The appellee recovered judgment for personal injuries received while working in appellant’s stone quarry.

The sufficiency of the complaint was challenged by demurrer, which was overruled, with an exception. The correctness of that ruling is presented to this court for its determination.

The complaint alleges that on June 8, 1892, “a large pile of clay, dirt, and stone, which had been loosened by the removal of stone and left unsupported,” fell on the appellee while he was in the line of his duty, removing tools near it. Want of knowledge and of contributory negligence upon his part is also alleged.

It is further charged that appellant had knowledge that the dirt was loose, unsupported, and in danger of falling, and carelessly and negligently failed to notify appellee of that fact.

For how long a time appellant was chargeable with such knowledge does not appear.

Neither does it appear, either by direct allegation or necessary inference, that the injuries received by ap*325pellee were the result of appellant’s negligence.
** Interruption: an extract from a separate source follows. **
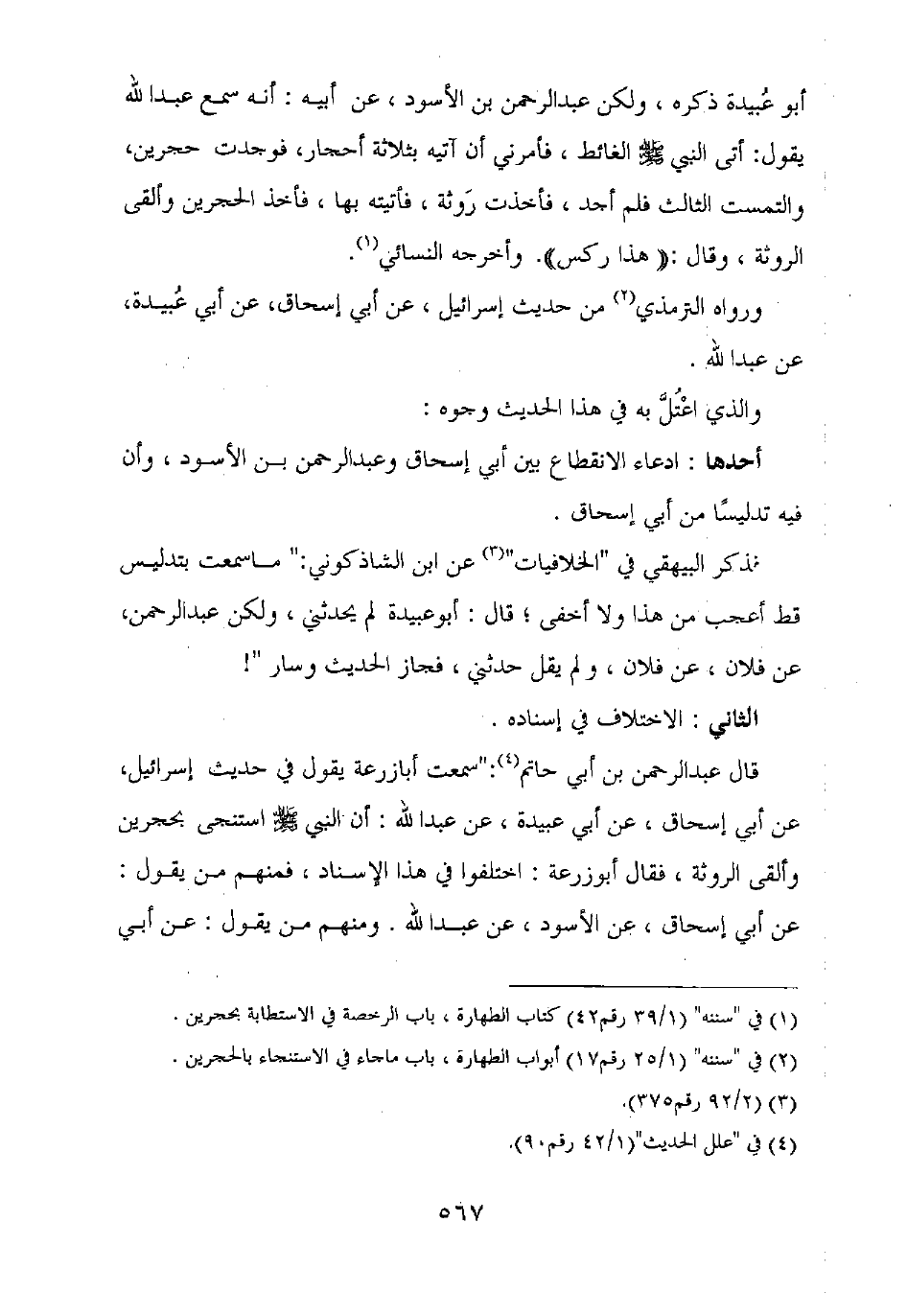 قال عبد الرحمن بن أبي حاتم: "سمعت أبا زرعة يقول في حديث إسرائيل، عن أبي إسحاق، عن أبي عبيدة، عن عبد الله: أن النبي صلى الله عليه وسلم استنجى بحجرين وألقى الروثة، فقال أبو زرعة: اختلفوا في هذا الإسناد، فمنهم من يقول: عن أبي إسحاق، عن الأسود، عن عبد الله. ومنهم من يقول: عن أبي

This defect is fatal to the sufficiency of the pleading.

In Louisville, etc., R. W. Co. v. Thompson, Admr., 107 Ind. 442, the law is thus declared: "We agree with appellant’s counsel that it must appear from the complaint that the death resulted from the negligent acts charged, for we understand it to be settled law that it must be shown that the negligence was the proximate cause of the injury.”

In Pittsburgh, etc., R. W. Co. v. Conn, 104 Ind. 64, it is said: "It is not enough, in such a case as this, to charge the defendant with negligent acts, whether of omission or commission; but it must also be shown, with reasonable certainty, that such acts were the direct or proximate cause of the accident or injury, or the complaint must be held bad on demurrer for want of sufficient facts.”

The causal connection between the negligence charged and the injury must appear. Pennsylvania Co. v. Gallentine, 77 Ind. 322; City of Greencastle v. Martin, 74 Ind. 449; Harris v. Board, etc., 121 Ind. 299.

The only negligence charged is the failure to notify appellant of the condition of the pile of dirt. We can not say, as a matter of law, that such want of notification was the proximate cause of the injury.

There are no facts which show the imminence or the seriousness of the danger which would have appeared to him even if apprised of the true condition of the dirt, etc. We can not say but that even with such knowledge he would have done just as he did do. Many cases arise where servants knowingly incur danger, more or less serious, in the regular discharge of their duties.

Other objections are made to the ruling on the pleading, and to other proceedings in the court below, but as it is not probable that the case will again be presented *326or considered in the same manner as before, we do nut deem it necessary to determine them.

Filed June 20, 1894.

The judgment is reversed, with instructions to the trial court to sustain the demurrer to the complaint with leave to amend.